We tested an approach to implementing clinical guidelines for management of illnesses that cause most deaths in children admitted to district hospitals in Kenya. Despite their modest success in developed countries [15], we used a multifaceted approach reasoning that deficiencies in knowledge, skills, motivation, resources, and organization of care would all need to be addressed. The intervention design was guided by experience in the setting [7],[8] and theories of change and culture of practice [13],[15],[27][29]. Our baseline data and other reports [7][10] suggest that the simple availability of authoritative WHO and national guidelines—for periods of more than 15 y—are currently having little impact on hospital care for children. So what did our interventions achieve?

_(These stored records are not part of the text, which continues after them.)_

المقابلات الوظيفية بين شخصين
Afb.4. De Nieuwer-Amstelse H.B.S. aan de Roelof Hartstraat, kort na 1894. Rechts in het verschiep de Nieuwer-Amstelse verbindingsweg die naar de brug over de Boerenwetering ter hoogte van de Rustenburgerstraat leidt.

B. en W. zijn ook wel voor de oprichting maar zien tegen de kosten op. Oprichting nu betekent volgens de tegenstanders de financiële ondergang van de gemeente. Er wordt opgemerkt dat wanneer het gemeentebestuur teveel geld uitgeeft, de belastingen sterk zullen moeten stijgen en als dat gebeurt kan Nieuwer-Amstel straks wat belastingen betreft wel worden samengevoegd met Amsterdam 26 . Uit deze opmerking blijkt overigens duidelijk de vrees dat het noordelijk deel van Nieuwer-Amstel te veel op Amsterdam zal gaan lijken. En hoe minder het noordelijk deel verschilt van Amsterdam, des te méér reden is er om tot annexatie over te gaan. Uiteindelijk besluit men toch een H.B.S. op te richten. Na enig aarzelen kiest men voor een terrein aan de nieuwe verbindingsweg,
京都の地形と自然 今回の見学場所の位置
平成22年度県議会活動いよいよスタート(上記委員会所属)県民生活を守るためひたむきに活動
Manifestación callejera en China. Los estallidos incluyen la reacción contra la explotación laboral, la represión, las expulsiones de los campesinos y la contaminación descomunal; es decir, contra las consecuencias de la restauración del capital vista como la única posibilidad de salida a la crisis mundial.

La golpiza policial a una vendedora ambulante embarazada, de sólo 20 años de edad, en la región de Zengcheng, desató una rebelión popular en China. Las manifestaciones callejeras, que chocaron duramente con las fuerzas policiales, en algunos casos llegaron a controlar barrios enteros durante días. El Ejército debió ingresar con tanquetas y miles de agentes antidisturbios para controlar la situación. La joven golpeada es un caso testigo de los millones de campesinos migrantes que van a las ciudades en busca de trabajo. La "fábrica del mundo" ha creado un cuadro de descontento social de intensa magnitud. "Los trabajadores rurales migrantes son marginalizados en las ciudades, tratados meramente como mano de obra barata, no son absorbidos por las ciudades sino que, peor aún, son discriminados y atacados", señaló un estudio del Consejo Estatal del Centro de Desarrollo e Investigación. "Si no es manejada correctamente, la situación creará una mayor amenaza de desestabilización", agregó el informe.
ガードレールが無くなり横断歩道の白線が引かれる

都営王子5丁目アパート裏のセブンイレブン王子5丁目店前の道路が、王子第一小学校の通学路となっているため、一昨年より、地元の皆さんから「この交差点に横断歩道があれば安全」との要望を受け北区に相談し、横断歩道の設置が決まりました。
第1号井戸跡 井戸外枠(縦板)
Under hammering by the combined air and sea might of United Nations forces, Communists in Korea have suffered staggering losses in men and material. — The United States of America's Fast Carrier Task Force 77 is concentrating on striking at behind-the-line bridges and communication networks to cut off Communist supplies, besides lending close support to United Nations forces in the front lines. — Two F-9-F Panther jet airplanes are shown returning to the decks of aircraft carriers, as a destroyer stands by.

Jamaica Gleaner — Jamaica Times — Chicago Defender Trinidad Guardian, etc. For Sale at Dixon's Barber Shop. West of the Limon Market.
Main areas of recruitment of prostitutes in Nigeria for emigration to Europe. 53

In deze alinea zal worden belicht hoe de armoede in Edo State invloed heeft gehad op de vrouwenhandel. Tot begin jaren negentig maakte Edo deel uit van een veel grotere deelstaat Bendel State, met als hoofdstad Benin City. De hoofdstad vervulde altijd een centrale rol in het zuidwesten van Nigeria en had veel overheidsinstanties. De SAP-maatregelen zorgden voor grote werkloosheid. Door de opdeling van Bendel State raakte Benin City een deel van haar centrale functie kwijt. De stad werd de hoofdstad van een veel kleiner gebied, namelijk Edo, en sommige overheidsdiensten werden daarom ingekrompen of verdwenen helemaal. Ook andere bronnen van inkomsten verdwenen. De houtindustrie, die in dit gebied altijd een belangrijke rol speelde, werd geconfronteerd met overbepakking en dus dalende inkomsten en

The full intervention package resulted in significantly greater improvements in almost all primary and secondary effectiveness measures. Within specific hospitals performance of certain indicators, e.g., recording child's weight in H3, were already high at baseline. For these specific hospitals there was limited scope for improvement, but there remained significant potential for improvement at the group level since performance for most indicators was below the projected level of 50% at baseline. Substantial, clinically important changes occurred in processes of care despite very high staff turnover amongst the often junior clinicians responsible for much care in each site. Indeed, of 109 clinical staff involved in admitting patients sampled at survey 4 from intervention hospitals only nine (8.3%) had received any specific formal or even ad hoc training. At survey 6 this proportion had reduced to 4.4% (four out of 91) reflecting the typically high turnover of junior clinicians in such settings. As the training and guidelines were not being provided in preservice training institutions and as formal orientation periods are absent [14], we infer, but cannot confirm, that new staff learned correct practices more commonly from established clinicians or the facilitator in intervention hospitals. Improvement in structure indicators occurred without any direct financial inputs reflecting probably a small generalized improvement in resource availability and use of funding from user fees (total hospital incomes varied from US$57 to US$100 per bed per month [19]) that we feel was in part, in response to hospital feedback and the advocacy of the facilitator [14].

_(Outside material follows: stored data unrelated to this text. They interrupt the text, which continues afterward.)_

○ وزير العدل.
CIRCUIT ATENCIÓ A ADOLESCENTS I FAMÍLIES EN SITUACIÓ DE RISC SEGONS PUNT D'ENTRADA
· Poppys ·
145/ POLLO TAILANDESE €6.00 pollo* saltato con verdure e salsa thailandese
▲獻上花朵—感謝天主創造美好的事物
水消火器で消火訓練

Improvements in quality of care thus occurred across a set of common, serious childhood conditions and over a prolonged period. These data are a major addition to reports from sub-Saharan Africa indicating that financial incentives can improve malaria-specific care and fatality [30] and that implementation of WHO guidelines can improve emergency triage assessment and treatment of children [31][33] and hospital care and outcomes for severe malnutrition [34]. They also complement evidence from middle-income settings where a multifaceted intervention resulted in substantial improvements in two key obstetric practices [35]. Our data however, to our knowledge, represent the first major report examining national adaptation and implementation of a broad set of rural hospital care recommendations. They are relevant to many of the 100 countries with IMCI programmes where rural hospitals have important roles supporting primary health care systems [36] and in helping to reduce child mortality [37],[38].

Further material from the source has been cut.